Thanks for all the discussion, food for thoughts....


----------



## computerman (3 Jun 2011)

I know from talking to MORE than a few people that had PAYE jobs up till reciently. They jumped into the self empliyment market almost immediatly.  
They all found that the expected monies or returns were not forthcoming and went back to sign on. 
They were told they were entitled to nothing as they were now classed as self employed.

They have the right to appeal, but that will take a considerable length of time.

You then have the option of not registering and carrying on your business on the black economy.  However, one of your customers may want a receipt to put in against their tax returns (particularly if the expence comes from your training class).

I hope I have given you a few points to consider.


----------



## greenroom (13 Jun 2011)

Have got in touch with the Craft Council of Ireland which are free to register with and then I can also sort an insurance package and receive guidance from them. however I must register first to avail of any help. 

Anyone here a member of the Craft Council of Ireland.
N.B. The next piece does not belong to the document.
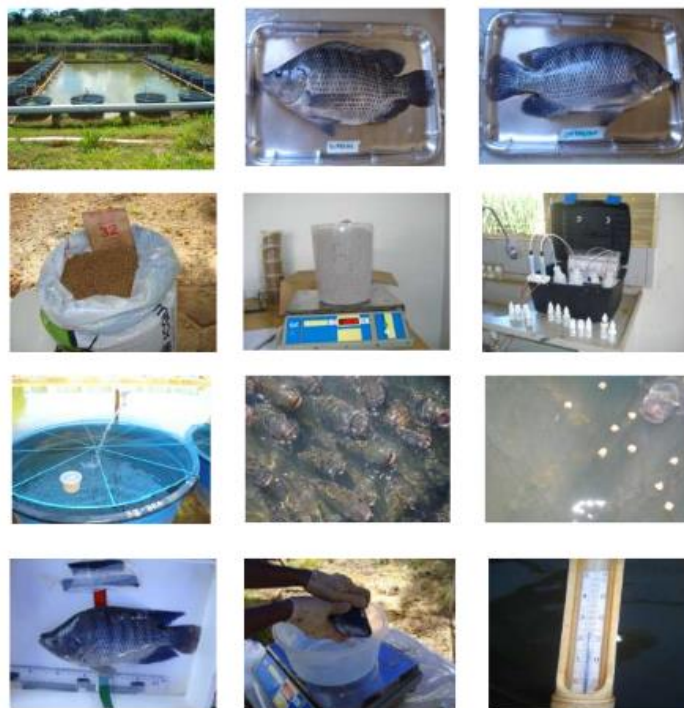
FIGURA 1 - Sequência de figuras representativas das práticas e materiais utilizados no experimento: A) Unidades experimentais – caixas d'água adaptadas como tanques raceways ; B) Exemplar de tilápia-do-Nilo, linhagem supreme; C) Exemplar de tilápia-do-Nilo, linhagem chitralada; D) Ração experimental; E) Pesagem da ração; F) "Kit" de análise química de água; G) Abastecimento de água individualizado para cada tanque com tela de proteção; H) Animais aguardando o arraçamento; I) Ingestão de ração; J) Biometria final-avaliação do comprimento; K) Biometria final – Pesagem; L) Termômetro de bulbo de mercúrio.

Thanks.


----------



## Majella17 (16 Jun 2011)

Hi

I'm a member of the crafts council and have insurance through them. They have 2 types or registration one for businesses and one for associated members I take this to mean hobbyists and by the look of thing's thats what you need. You should be registered as a sole trader however as you are liable for tax on your profits. Hope this helps. What do you make exactly I'm curious?

Majella


----------



## greenroom (16 Jun 2011)

hi

looking into the CCOI the insurance is €230 and yet insurance through aviva is only €155 for the same cover allowing for classes, demo, having stalls etc. Not sure where to go with this at all. Majella will pm u, cheers.


----------



## greenroom (17 Jun 2011)

computerman said:


> I know from talking to MORE than a few people that had PAYE jobs up till reciently. They jumped into the self empliyment market almost immediatly.
> They all found that the expected monies or returns were not forthcoming and went back to sign on.
> They were told they were entitled to nothing as they were now classed as self employed.
> 
> ...



Iv actually given up my "good" job for family reasons already and feel my craft skill which id taught before in a paid capacity is something that there is a market for, just finding it hard to know which way to go with it.


----------



## greenroom (17 Jun 2011)

majella17, your an inspiration from searching around, ... well done,,,


----------



## z107 (17 Jun 2011)

It probably would make a good business.

However, charges, compliance and taxes will not make it worth your while. You'd probably be better off seeing what benefits your are entitled to.


----------



## greenroom (17 Jun 2011)

umop3p!sdn, thanks for reply, only just qualify for the gp only card, really Im in need of something to keep me involved in world of work and earn a tiny amount to feel its worth it while staying at home fulltime. qualifying for any sort of benefits really would def be a hindrance as i may fall into the trap of feeling "why try some form of work and then lose the payments". If i really needed the money Id return to work fulltime but the trade-off for my kids would be too high. 

Its not my husbands fault he did have to draw a Social Welfare for a few weeks and he would def preferred to have been at work and thankfully did return to fulltime work.


----------



## Hebs (24 Jun 2011)

umop3p!sdn said:


> It probably would make a good business.
> 
> However, charges, compliance and taxes will not make it worth your while. You'd probably be better off seeing what benefits your are entitled to.


 
If you're not earning much, you wont have to pay much in tax/VAT. Just make sure you keep good records of all of your incomings and outgoings. Register as a sole trader. 

Of course it's always better to be doing something to keep you interested (and give pleasure to others through your craft) than relying on benefits. 

I wish you the very best of luck with it.


----------